+++ Dataset section
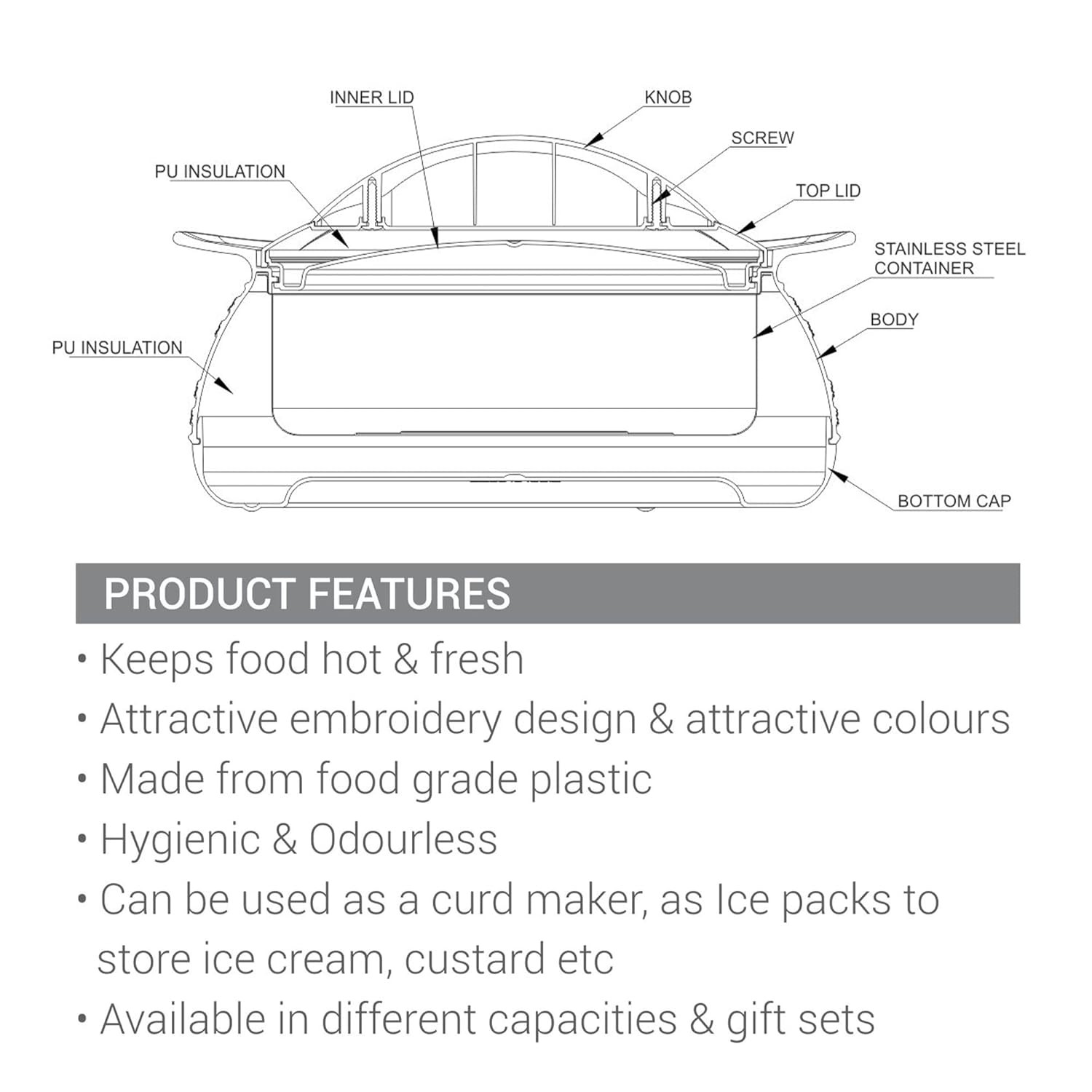 • Double walled Inner stainless steel casserole keeps food hot and fresh. Integrated side handles allows easy to carry from kitchen to dining table.
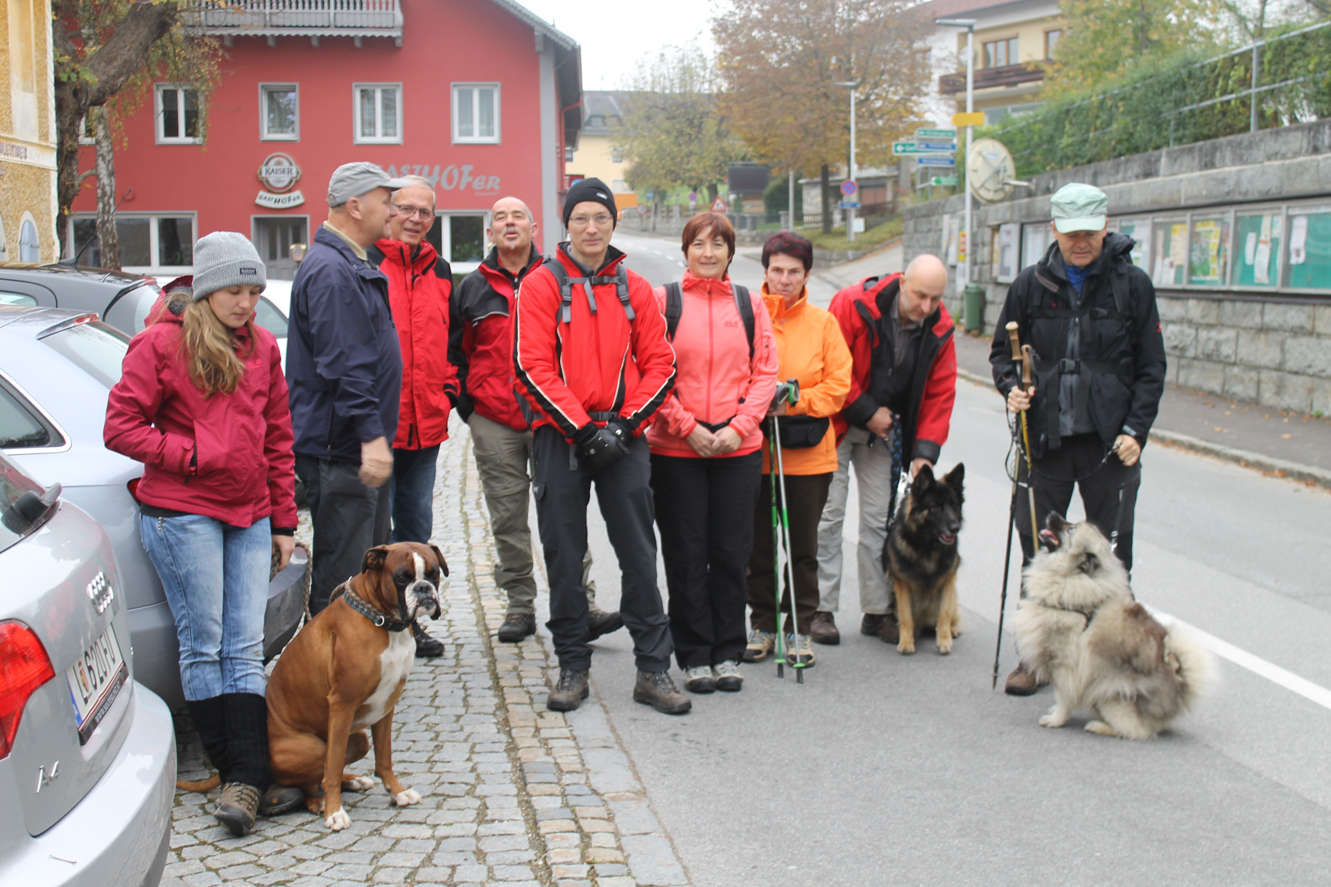 Neun Zweibeiner und drei Vierbeiner machten sich auf den Weg ins Meran des Mühlviertels. Der herbstliche Nebel lichte sich im Laufe der Wanderung.
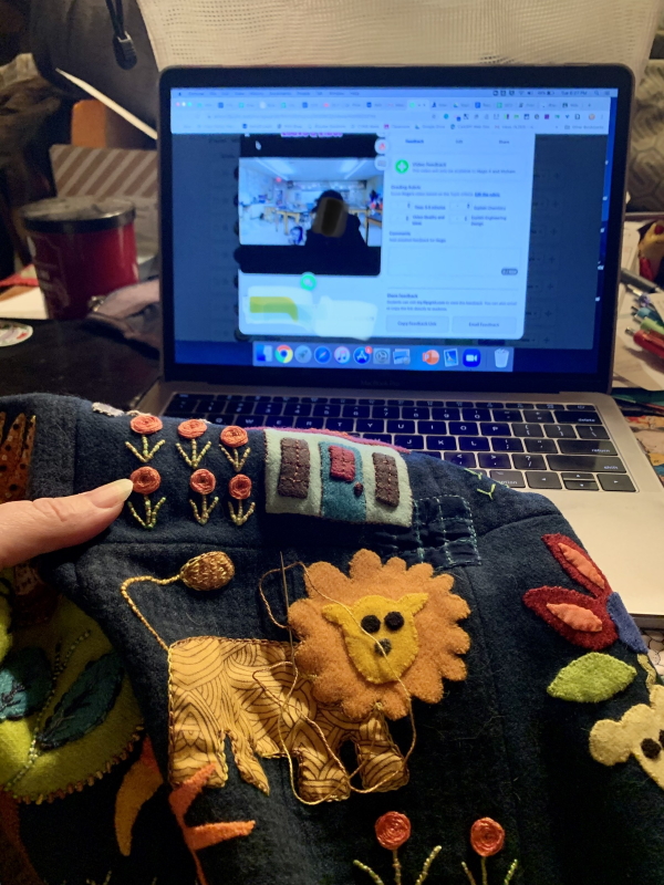 So I have 32 videos to watch today. Ugh. This is how I did it yesterday. Headphones on (until I had to move to the desktop because the internet was being cranky), stitching going…
++++++
Requirement:
The whole listing must come back verbatim, with no pictures included.

Task answer:
 • Double walled Inner stainless steel casserole keeps food hot and fresh. Integrated side handles allows easy to carry from kitchen to dining table.
 Neun Zweibeiner und drei Vierbeiner machten sich auf den Weg ins Meran des Mühlviertels. Der herbstliche Nebel lichte sich im Laufe der Wanderung.
 So I have 32 videos to watch today. Ugh. This is how I did it yesterday. Headphones on (until I had to move to the desktop because the internet was being cranky), stitching going…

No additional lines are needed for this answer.